§ **WHAT IS BEING ASKED**:
Please print, exactly, only the lines in the entries below from the line that has "For a revealing" through the line that has "selecting an AI-powered". Pictures don't go in.

§ **PROVIDED RECORDS**:
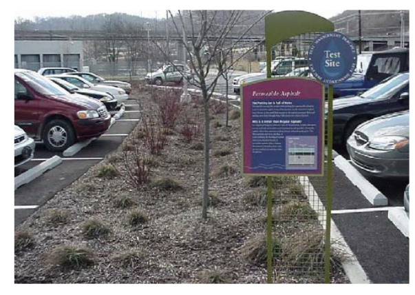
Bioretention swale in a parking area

==

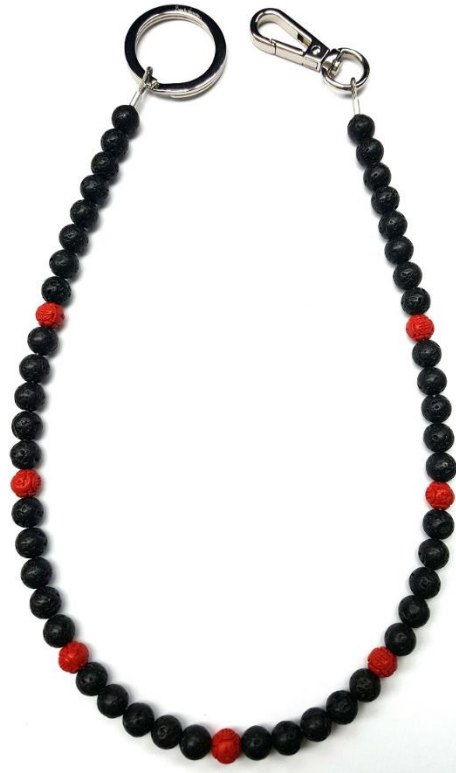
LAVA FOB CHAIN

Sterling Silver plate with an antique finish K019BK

---

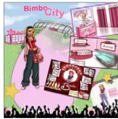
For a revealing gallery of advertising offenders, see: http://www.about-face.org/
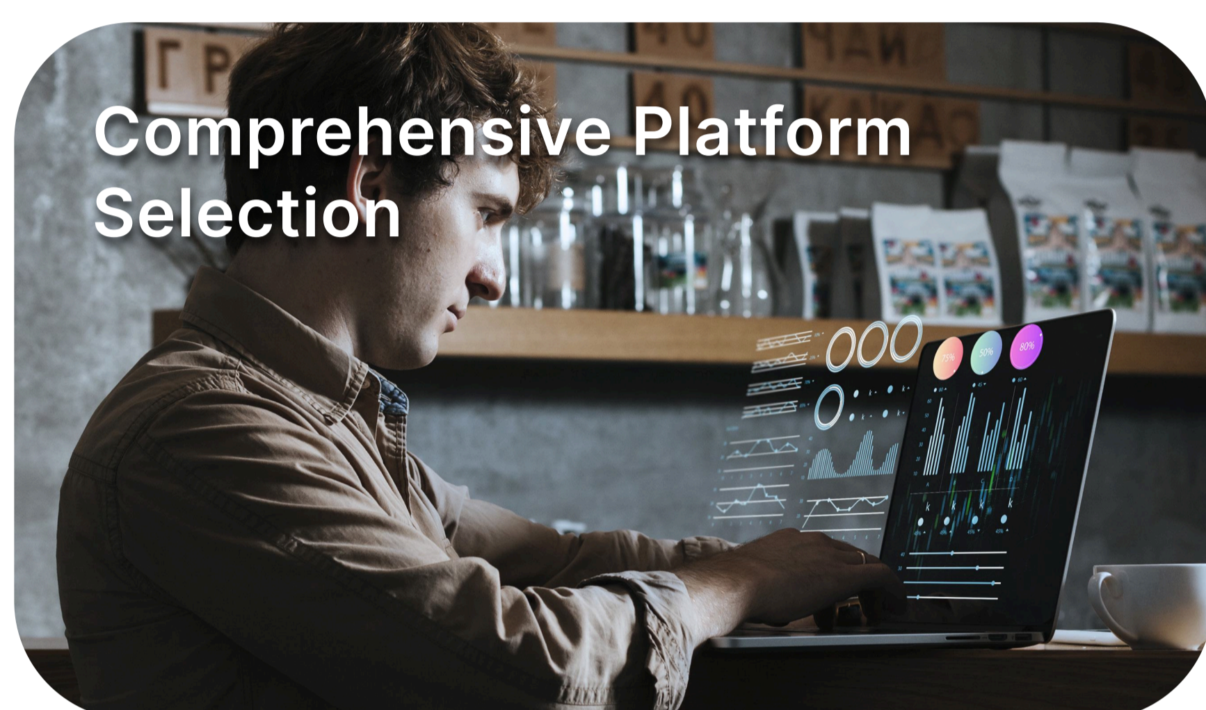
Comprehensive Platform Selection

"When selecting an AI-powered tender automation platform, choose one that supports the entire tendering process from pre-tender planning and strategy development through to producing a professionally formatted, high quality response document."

§ **EXERCISE OUTPUT**:
For a revealing gallery of advertising offenders, see: http://www.about-face.org/
Comprehensive Platform Selection

"When selecting an AI-powered tender automation platform, choose one that supports the entire tendering process from pre-tender planning and strategy development through to producing a professionally formatted, high quality response document."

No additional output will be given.